Imagine that out of a random sample of 100 people, you took everyone’s height and weight. Those are now our variables. If we were to plot every observation in our dataset (each height and weight measure for all 100 members of our sample), it might look something like this:
Just by eyeballing the chart, it’s pretty clear that there is a relationship between the two variables; as height increases, weight also appears to increase. This is a linear trend, because we could draw a line that would approximate the relationship that we can see in the chart. In other words, our next step is to draw a line that minimizes the distance between itself and each of the 100 observations. This line can be generated from a unique equation that represents the relationship between weight and height as it appears in our sample. We’ve now done simple linear regression, and this is the foundation of most statistical models that are used in the health sciences. From here, we can add even more variables and expand our equation, if we would like.
So what does this have to do with confounding? First, let’s consider the commonplace meaning of the word: to confound is to confuse, muddle, mix-up, or otherwise obscure. This is essentially what we mean when we talk about confounding in a statistical sense as well. If data are ‘confounded,’ it means that some other factor is either concealing, exaggerating, or otherwise distorting a relationship between an exposure and an outcome that we wish to understand. In other words, one way to think of confounding is as a form of interference.
To illustrate, let’s look at a classic example that is often used in epidemiology textbooks: the relationship between coffee consumption and heart disease. Look at the example chart above again, but imagine heart disease replacing weight (our outcome always goes on the Y-axis) and amount of coffee consumed per day replacing height. It would then appear that the more coffee one consumes, the more likely it is that they suffer from heart disease. This suggests that perhaps drinking coffee is causing heart disease. But what if there’s another factor that we didn’t consider?
Let’s draw out the relationship we believe we are seeing between coffee and heart disease:
But what if, in addition to drinking their morning coffee, the people in our sample were also more likely to smoke cigarettes? In other words, what if smoking is associated with coffee drinking? This would be a problem, because we know that smoking is a major risk factor for heart disease. So if more smokers drink coffee than non-smokers, it will appear to us when we plot the data that coffee drinking and heart disease are associated, even though in reality, what we are actually seeing is the relationship between smoking and heart disease.
Let’s draw a new diagram to show what’s going on here:
Now we can see the problem. In this case, smoking is a confounder of the relationship between coffee and heart disease, because it is associated with both the exposure and the outcome. Fortunately, there are ways we can account for this interference in our statistical model–but only if we know who smokes and who doesn’t in our sample. When we do this, we say we are ‘controlling for confounding.’ That’s why it’s so important to measure variables that we think might confound the relationship between our exposure (X) and our outcome (Y)--because in the real world, there are confounders everywhere!

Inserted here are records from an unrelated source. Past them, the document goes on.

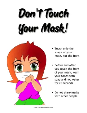 Great for classrooms during the pandemic, this printable sign reminds students not to touch their masks and gives suggestions for proper safety and hygiene.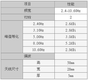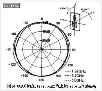 根據(jù)圖9的Elevation面的放射Pattern顯示,本UWB天線可以獲得接近8字形的指向性,而且圖8與圖9測試結(jié)果與圖6的計(jì)算結(jié)果非常一致;表1是本UWB天線特性一覽。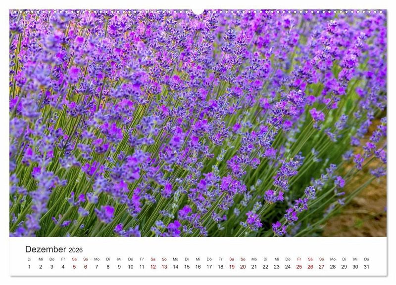 Der Duft von Lavendel verzaubert uns alle. Deshalb reisen viele in die Provence, um sich dort von wunderschönen Lavendelfeldern hinreßen zu lassen. Doch diese traumhaften Felder gibt es nicht nur in der Provence. Dieser Kalender zeigt 12 wunderschöne Aufnahmen der violetten Wunderblume aus der ganzen Welt.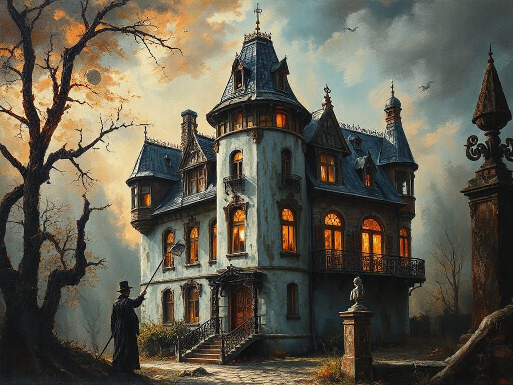 This image showcases a sinister Halloween castle, rendered as a realistic brushed oil painting with impasto texture and vivid, shimmering colors. It captures intricate details and cinematic lighting.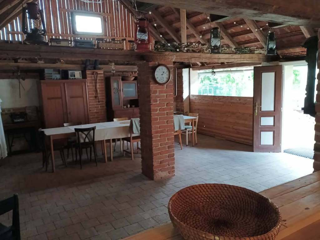 Pokud je chalupa pronajata jako celek, hosté mohou využívat také venkovní kuchyň s posezením ve stodole. Tento prostor je k dispozici od jara do podzimu, protože není vytápěný. U velkého stolu se zde může pohodlně usadit až 30 lidí, proto je chalupa vhodná také pro menší svatby, rodinné oslavy nebo setkání přátel.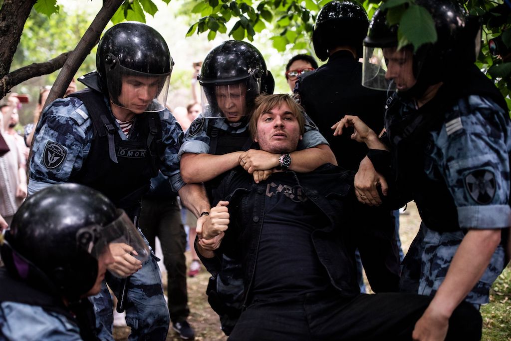 Первыми в поле зрения полиции попадали люди в футболках «Я/Мы Иван Голунов». Для того чтобы оказаться в автозаке, необязательно было вести себя агрессивно, скандировать лозунги или мешать проезду машин.
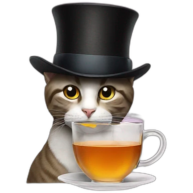 Cat with a top hat drinking tea emoji

When a study is accused of not controlling for confounding, it means that the authors did not factor confounding variables into their model, and therefore the results cannot be interpreted because we do not know what effect those other variables may be having on our relationship of interest. You might now ask, but how do we know what variables to include as confounders? And the answer is, sometimes we don’t! But usually we can make some educated guesses based on context. That’s why we typically collect a lot of information about our study participants, if we can–so that we can test which variables are confounders, and then account for them accordingly. But sometimes we don’t know very much about our participants, and in that situation, the study authors should acknowledge the possibility of confounding in their limitations section.
You might wonder at this point if all studies involving human beings are confounded–and you’d be right to. Most studies are confounded to an extent, and we often acknowledge the possibility of unmeasured confounding as well–the confounding variables that we have not even thought of yet. But that doesn’t mean that observational studies are worthless, just that we need to consider them in context. To use a familiar adage, it’s best to take everything with a grain of salt.